PROVIDED RECORDS START

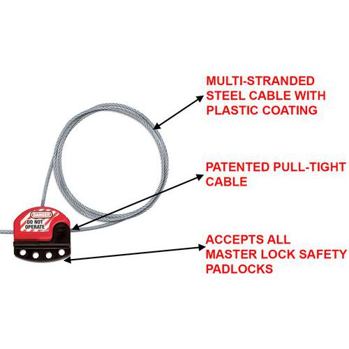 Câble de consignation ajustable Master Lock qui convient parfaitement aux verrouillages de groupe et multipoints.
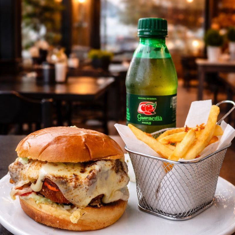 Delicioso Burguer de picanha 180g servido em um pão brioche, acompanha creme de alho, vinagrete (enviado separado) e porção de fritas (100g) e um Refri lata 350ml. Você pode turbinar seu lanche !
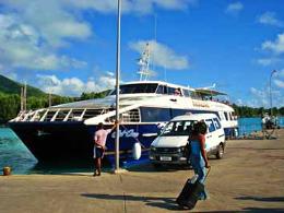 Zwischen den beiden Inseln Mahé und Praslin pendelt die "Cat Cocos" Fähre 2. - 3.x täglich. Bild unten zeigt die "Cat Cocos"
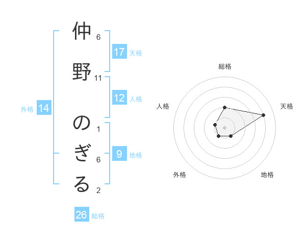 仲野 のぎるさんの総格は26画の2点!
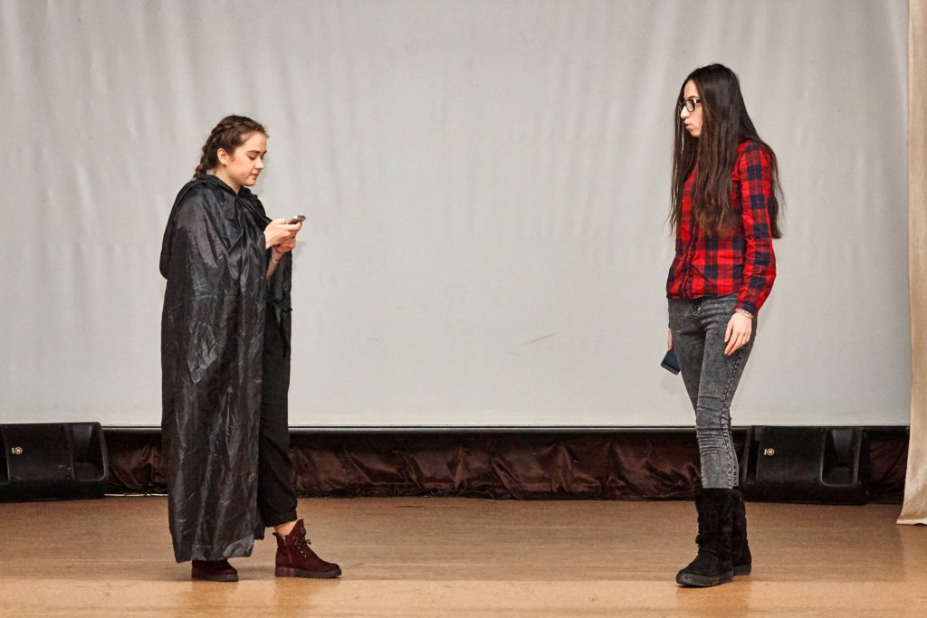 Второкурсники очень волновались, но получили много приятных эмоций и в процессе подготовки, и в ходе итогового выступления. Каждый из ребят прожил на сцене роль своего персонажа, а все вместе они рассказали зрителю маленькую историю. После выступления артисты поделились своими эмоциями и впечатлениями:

PROVIDED RECORDS END

__INSTRUCTIONS FOR THE TASK__. Once the pictures are set aside, repeat the data above exactly.

__YOUR SOLUTION__.
 Câble de consignation ajustable Master Lock qui convient parfaitement aux verrouillages de groupe et multipoints.
 Delicioso Burguer de picanha 180g servido em um pão brioche, acompanha creme de alho, vinagrete (enviado separado) e porção de fritas (100g) e um Refri lata 350ml. Você pode turbinar seu lanche !
 Zwischen den beiden Inseln Mahé und Praslin pendelt die "Cat Cocos" Fähre 2. - 3.x täglich. Bild unten zeigt die "Cat Cocos"
 仲野 のぎるさんの総格は26画の2点!
 Второкурсники очень волновались, но получили много приятных эмоций и в процессе подготовки, и в ходе итогового выступления. Каждый из ребят прожил на сцене роль своего персонажа, а все вместе они рассказали зрителю маленькую историю. После выступления артисты поделились своими эмоциями и впечатлениями:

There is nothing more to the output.